The first connecting frame is connected with the driving wheel and the first driven wheel, and the first frame body is movably arranged on the first fixing seat; meanwhile, the driving wheel and the first driven wheel are respectively arranged at one end of the first frame body; when the first driven wheel or the driving wheel is contacted with the contact surface, acting force is generated at one end of the contact surface facing the first frame body, so that the first frame body swings upwards, and the other end of the first frame body approaches the contact surface; thereby enabling the first driven wheel or the driving wheel to be contacted with the contact surface.

Further, the driving assembly further comprises a steering device, the steering device comprises a second connecting frame, a second driven wheel and a third driven wheel, the second connecting frame is fixed at one end of the chassis far away from the first connecting support, the second driven wheel is arranged at one end of the second connecting support, and the third driven wheel is arranged at the other end of the second connecting support.

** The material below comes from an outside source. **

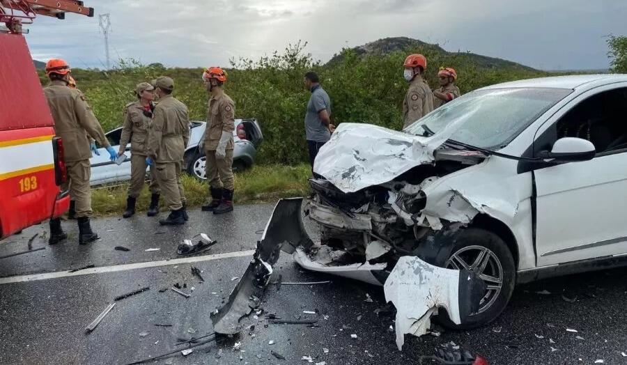 Cinco pessoas ficam feridas na BR-230 em Patos após dois carros colidirem frontalmente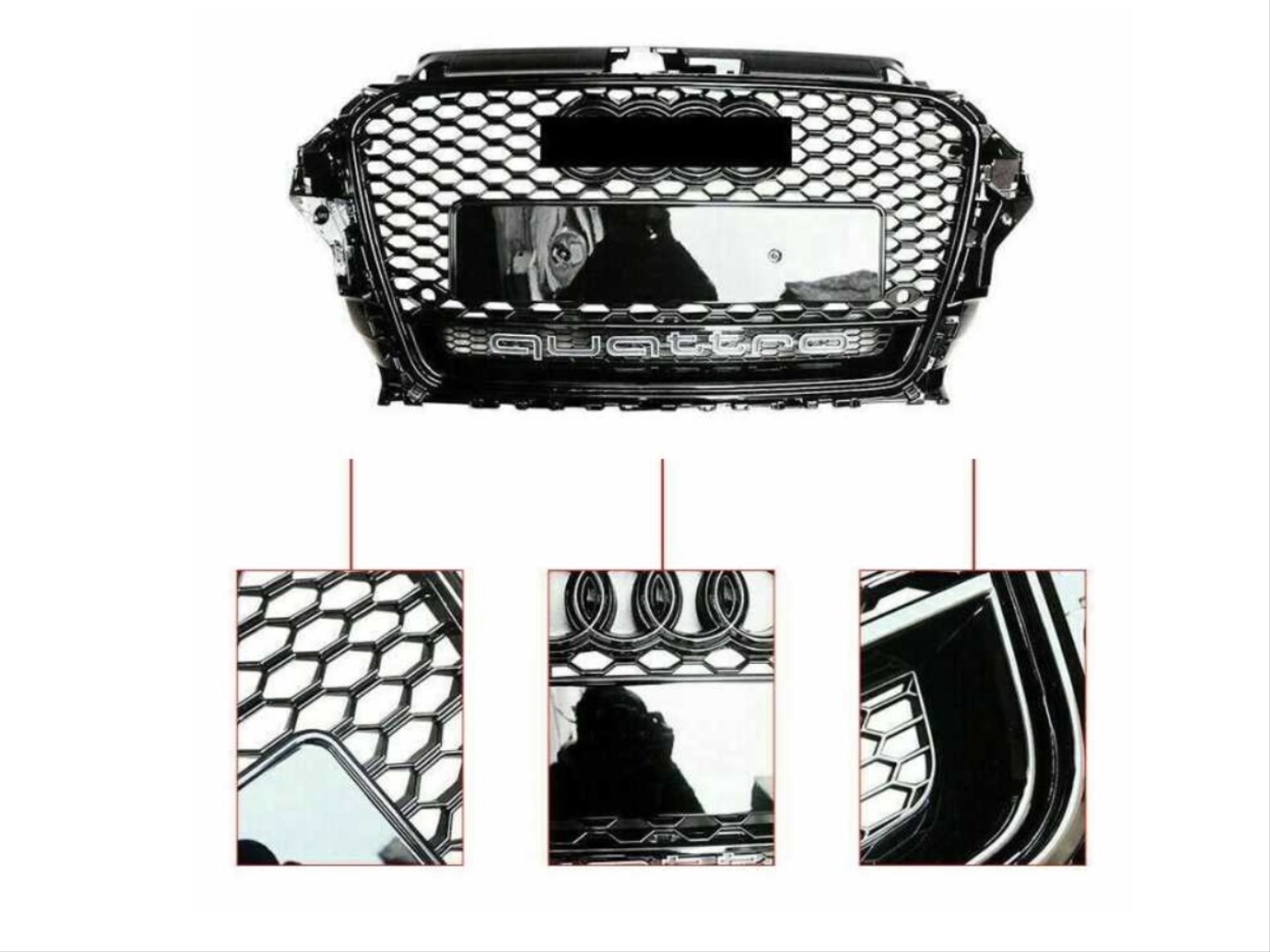 - Audi A3 Panjur RS3 Siyah araca uyumlu tasarımıyla bütünlüklü görünüm sağlar

The steering device is arranged on the chassis and far away from the first driven wheel, the chassis is further supported through the steering device, and the stability of the chassis movement is good.

Further, the second connecting frame comprises a driving second fixing seat, a driving second connecting shaft and a second frame body, wherein the driving second fixing seat is fixed on the chassis, driving shaft sleeves are respectively arranged at two ends of the driving second fixing seat, the driving second connecting shaft is arranged on the second frame body in a penetrating manner, one end of the driving second connecting shaft is connected with one driving shaft sleeve, and the other end of the driving second connecting shaft is connected with the other driving shaft sleeve; the second driven wheel is arranged at one end of the second frame body, and the third driven wheel is arranged at the other end of the second frame body.

Further, the connecting rod assembly is provided with two groups; the two groups of connecting rod assemblies are connected through two transmission connecting rods; the crank link mechanism is connected with the swinging piece of one group of link assemblies.

The two connecting rod assemblies synchronously act through the transmission connecting rod; the two connecting rod assemblies act on the lifting platform, so that the stability is good.

Further, each group of connecting rod assemblies comprises two swinging connecting rods and one swinging piece; the swinging piece is arranged between the two swinging connecting rods, two sides of one end of the swinging piece respectively pass through a transmission connecting rod to be hinged with one end of one swinging connecting rod, and the other ends of the two swinging connecting rods are movably arranged on the chassis; the other end of the swinging piece is connected with the lifting platform.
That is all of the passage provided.